There’s other stuff on a narrative level, too. It’d be nice if the cultures of aliens weren’t all fairly similar to human culture in how they treat male/female relations, or the way that many disposable characters are bisexual. It’d be nicer if the alien cultures you interact with seriously were more obviously alien. It’d be nice if there was less of an obvious feeling of Shepard as the lynchpin of the universe, too; incidental things you say and do lead to people living and dying, and eventually, the worry that I was tripping some invisible wire and leading to someone to die six hours later overwhelmed me. In Mass Effect 2, the fear that a beloved character would die motivated me to fight my hardest. In Mass Effect 3 the certainty they would, and that it was my fault, left me exhausted and apathetic.

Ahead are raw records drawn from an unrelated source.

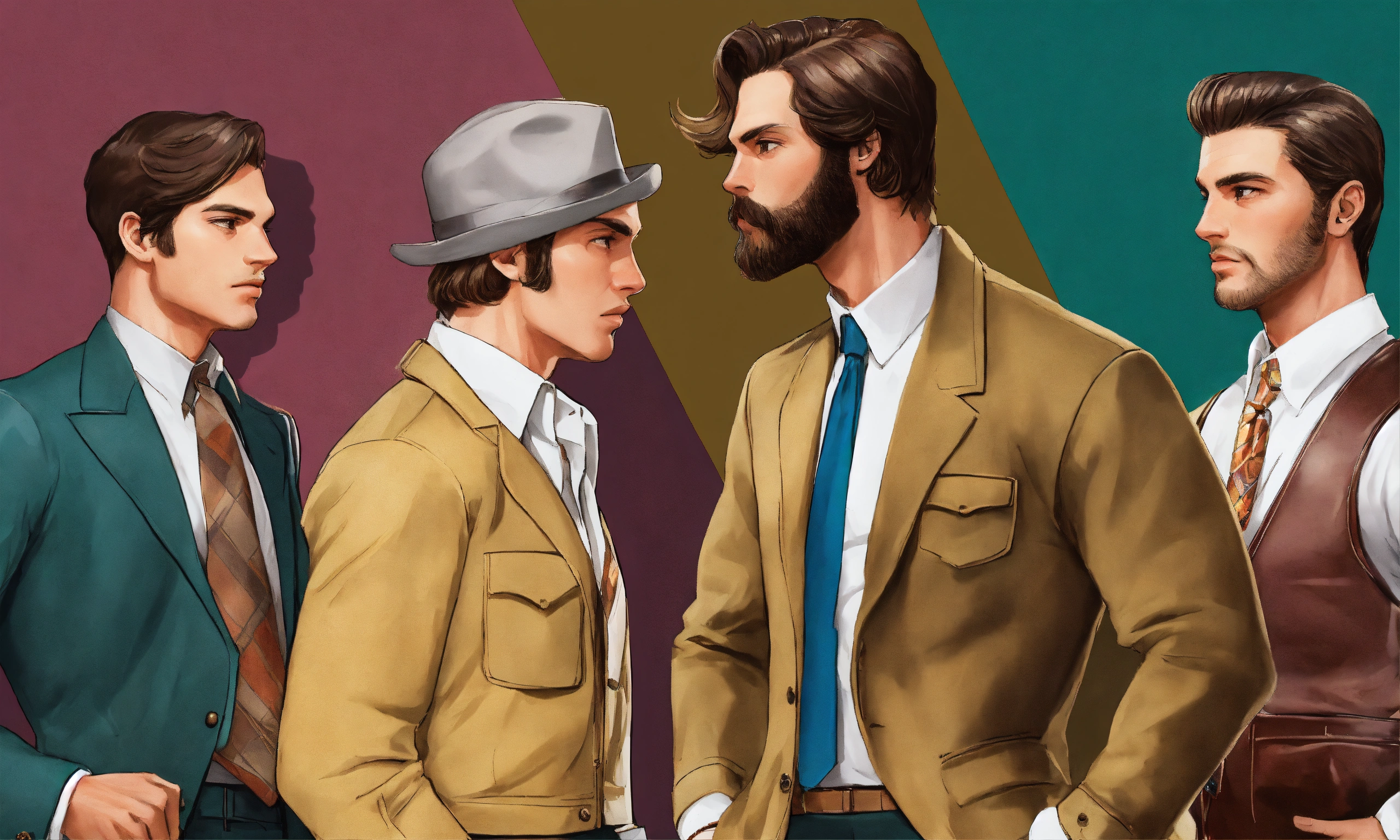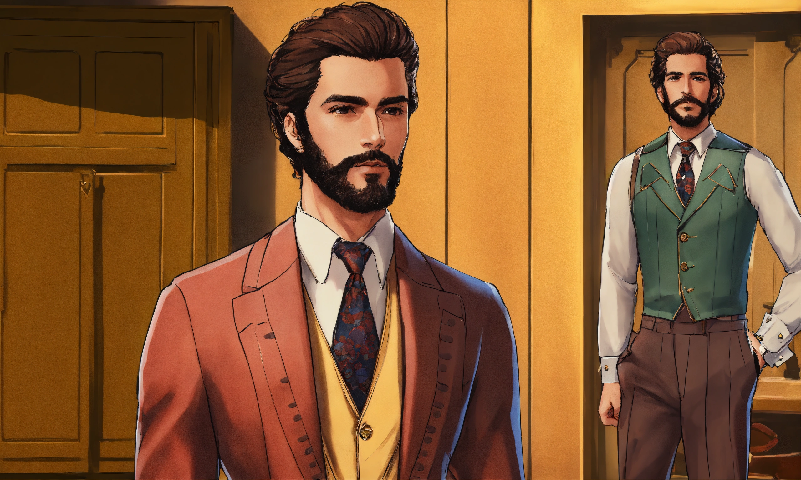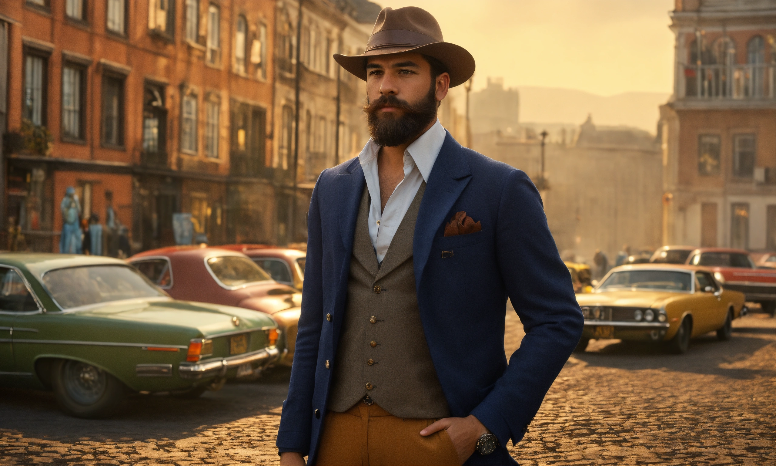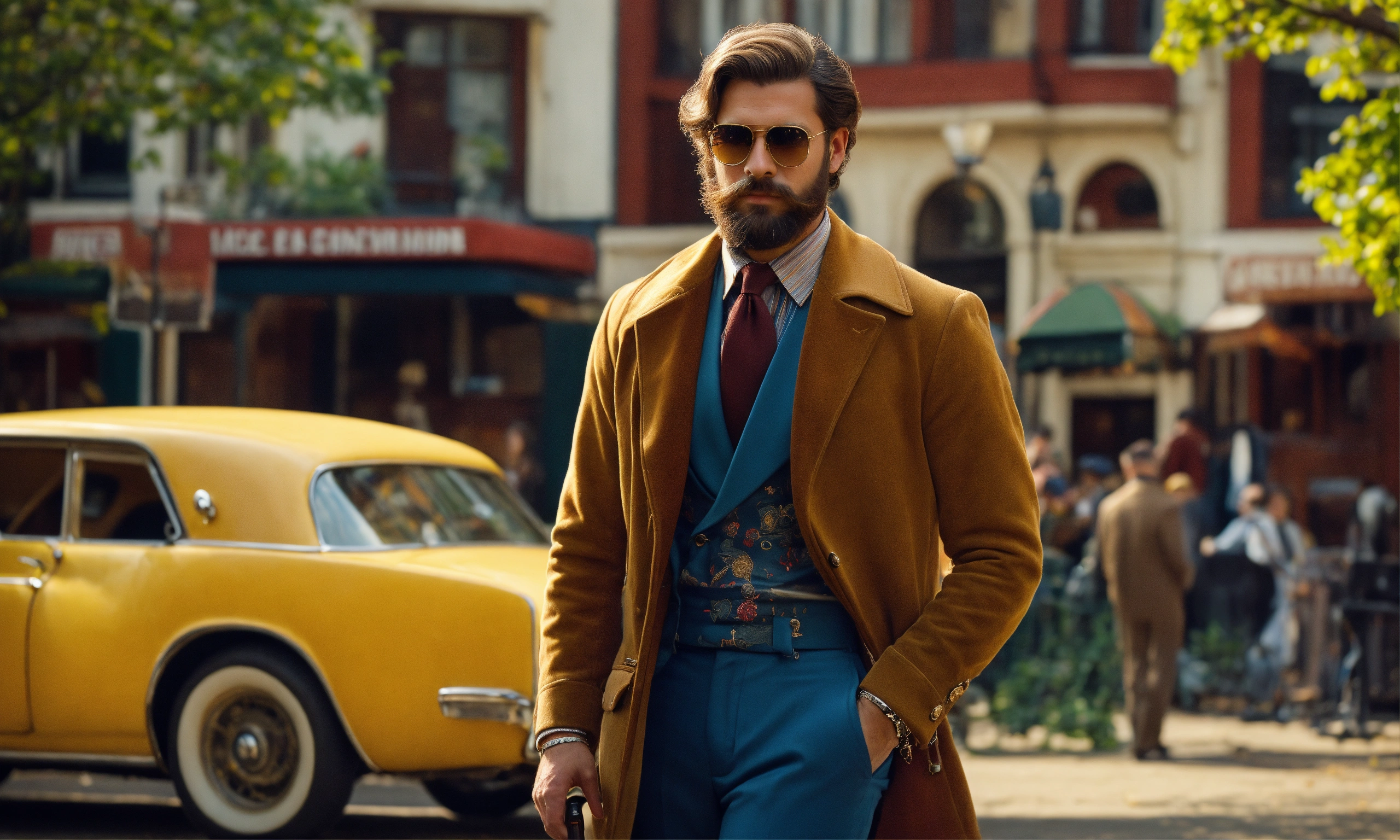 Create a description of a man in the retro usa style from the 70s to 90s, depicting him without glasses in his everyday life. imagine him as a stylish gentleman with meticulously groomed hair and a well-kept beard. describe his vintage-inspired wardrobe, featuring well-fitted trousers, fashionable wide-lapel jackets, and eye-catching printed shirts. pay attention to the intricate details, including the use of sleek leather bags and metallic-bracelet watches as accessories. emphasize the richness of the background with a diverse array of elements that resonate with the era, such as antique furniture, classic automobiles, vinyl records, and other paraphernalia from that period, creating an atmosphere of nostalgia and cultural abundance. man has black eyes.
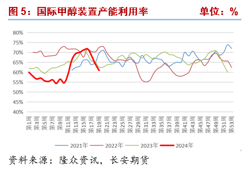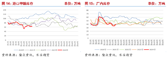 5月10日当周,甲醇下游厂家库存15.94万吨,环比降2.08万吨,假期下游以消耗库存为主,但当前库存仍处历史同期中等偏高水平,下游补库意愿并不迫切。
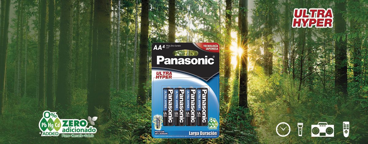 Las pilas Ultras Hyper de Panasonic son ideales para productos de bajo consumo de energia, como apoyo a la ecologia las pilas Ultra Hyper no cuentan con metales pesados como material adicionado, lo que permite que las puedas desechar de manera normal.
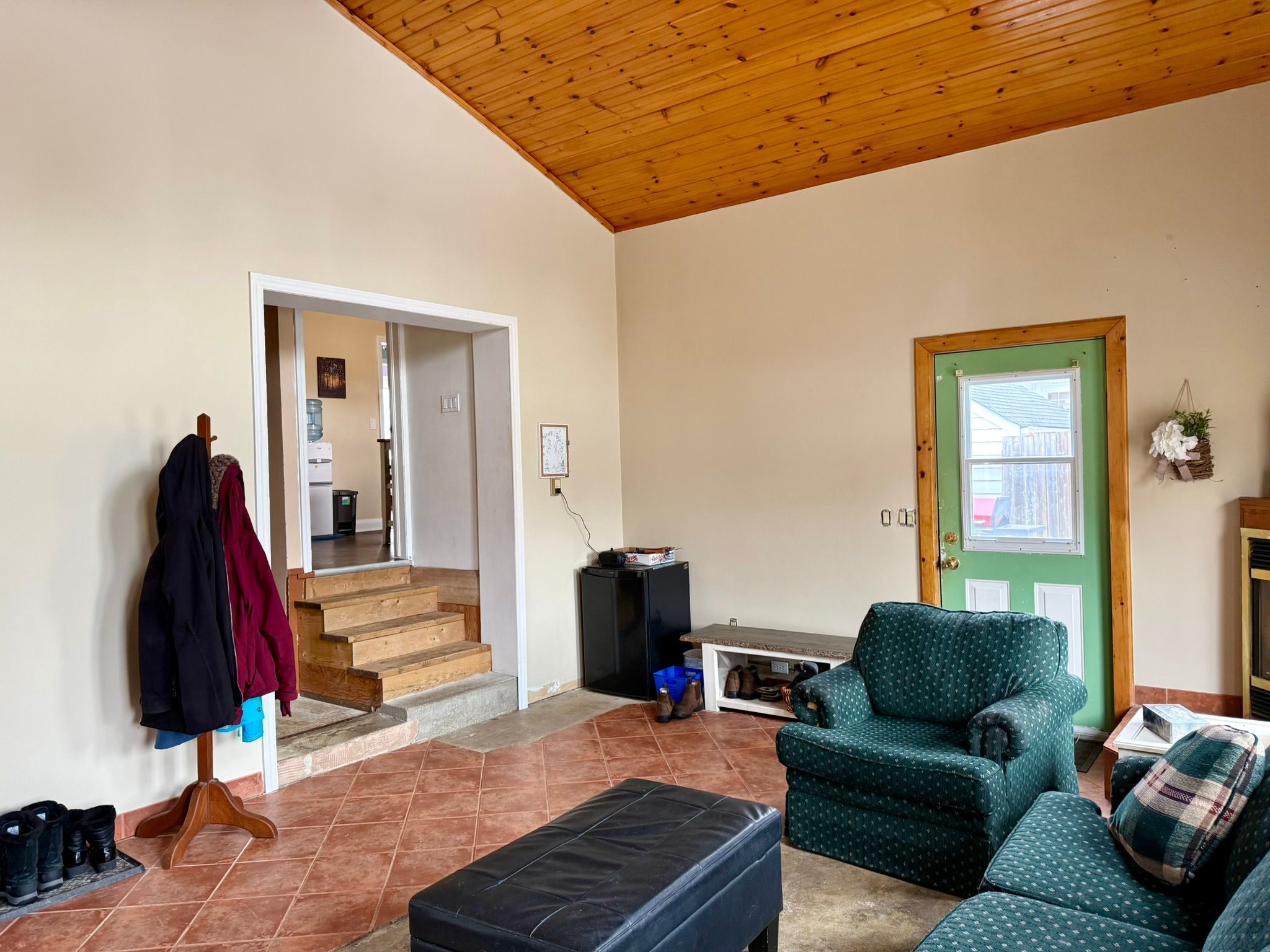 Brick bungalow featuring 2 bedrooms and numerous updates throughout. Enjoy the newer flooring that flows seamlessly throughout the home. The primary bedroom offers convenient access to a private, fenced backyard complete with a patio - perfect for relaxing or entertaining. The kitchen is well appointed with stone counter tops, double sink and ample cabinetry. The dining and living area are bright and inviting, highlighted by the built in unit in the dining and the elegant wide ceiling coving in the living room. A stand out feature is the converted garage, now a cozy family room with a beautiful pine vaulted ceiling, gas fireplace and direct access to the rear yard - ideal for gatherings or quiet evenings at home. Basement is unfinished with the exception of an area that the present owner uses as a 3rd bedroom (unsure if the window size would allow it to be a legal bedroom) forced air gas heat (2012) air conditioner (2022) some newer windows, roof shingles good (unsure of age) located 1 block to catholic high school, on bus route for other school, short walk to walkerton's downtown core. This is a perfect spot for a first time home buyer.

I think it’s important to note, however, separate to every other thing I have had to say about this game is that before I ever started the single-player campaign, I had logged thirty-eight hours of multiplayer. It wasn’t just indulging in the Mass Effect universe after I’d already soaked myself in it over a Christmas period, though, no. It wasn’t just sharing a game with my friends, even though I did encourage over six people to come along and play the game with me. No, I enjoyed Mass Effect 3‘s multiplayer as a game experience itself. I was playing the game with strangers and saving up for the boosters – the boosters which give me customisation and pointless expendable items for more multiplayer! I roamed the house, trying to explain to Fox why it was cool that my Drell Adept had taken out two Atlases back to back in a silver match to save Jason’s Krogan, who was named Karsh because it was an acronym for shark and that I needed to go for a little bit of a lie down. No matter what I have to say about the game’s plot, I was able to find forty solid hours of gameplay before I even started the main game.

Verdict

Buy it if:

  • You’ve any taste for the mechanics of the second game and are interested in multiplayer.
  • You’ve some extra money to spend on some good, extensive DLC.
  • You enjoyed the exploratory parts of Mass Effect 1, zooming around the galaxy and poking in the corners of the galaxy’s cushions.
  • You want to further advance the story for its own sake.

Avoid it if:

  • A bad ending will ruin an entire experience for you.
  • You want something remarkably different to Mass Effect 2.
  • Continuity porn doesn’t excite you.
  • An exhaustive list of possible actions makes you feel anxious or tired.
  • You have no saves from Mass Effect 2 to import, or are unwilling to download same.
  • You haven’t played Mass Effect 2.